ISSUE DESCRIPTION AND IMPACT
Replanning may not work when a slow cached plan with a high works value is inferior to a potential plan.
DIAGNOSIS AND AFFECTED VERSIONS
This can be identified by viewing the mongod logs for slow queries that utilize an IXSCAN, with an excessively high number of keysExamined, and comparing the number of keysExamined against the number in the output of the explain(true) command. explain(true) output for the exact same query (with the same predicate values) will have a much smaller number of keysExamined, or may use a different index entirely.
This issue affects MongoDB versions 3.2, 3.4, 3.6 and 4.0.
REMEDIATIONS AND WORKAROUNDS
Users affected by suboptimal query plan selection may:
The fix for this issue introduces the notion of "inactive" and "active" cache entries.

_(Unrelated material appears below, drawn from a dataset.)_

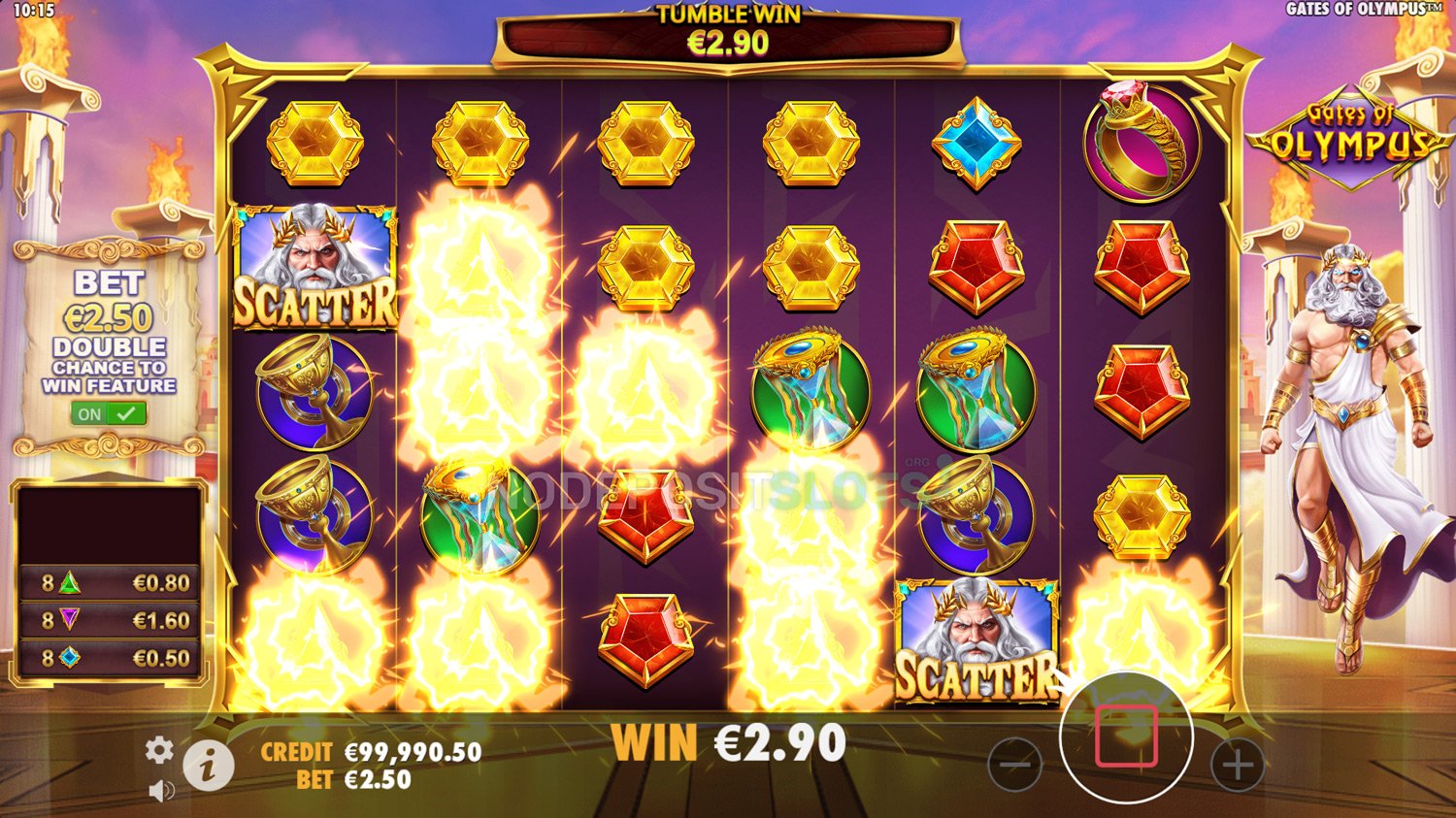Zeus fungerar som scatter-ikon, som ser ut som en lysande figur som utlöser gratissnurr-attributet. Dessutom kan multiplikatorklot landa slumpmässigt under varje snurr och presentera värden från 2x till 500x som relaterar till den aktuella vinsten.

Cache entries are first created in an "inactive" state, and are not used by the planner. They are only used to keep track of the expected number of works that the query will take.
When a plan is run, it is evaluated against the existing inactive entry:
- If the plan's works value is less than or equal to the inactive cache entry's works value, the new plan is put in an "active" entry, and the works value is updated.

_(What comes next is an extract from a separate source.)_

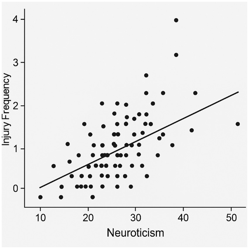 A Poisson regression model was conducted with psychological traits as predictors of injury frequency, including neuroticism, AAQ-II, conscientiousness, and STAI, while controlling for age and sex. Neuroticism [Exp (β) = 1.15, p = 0.026] and psychological inflexibility [Exp (β) = 1.09, p = 0.041] emerged as significant positive predictors. Conscientiousness showed a trend toward a protective effect [Exp (β) = 0.92, p = 0.074], while anxiety, age, and sex were not significant. The relationship between neuroticism and injury frequency is visually depicted in Figure 1.

- If the new plan's works value is greater than the inactive entry's value, the new plan is not cached. Instead, the works value of the inactive entry is multiplied by two (by default). The multiplier can be adjusted via the InternalQueryCacheWorksGrowthCoefficient server parameter.
This issue is fixed in MongoDB 4.1.1, and will be available in the MongoDB 4.2 production release.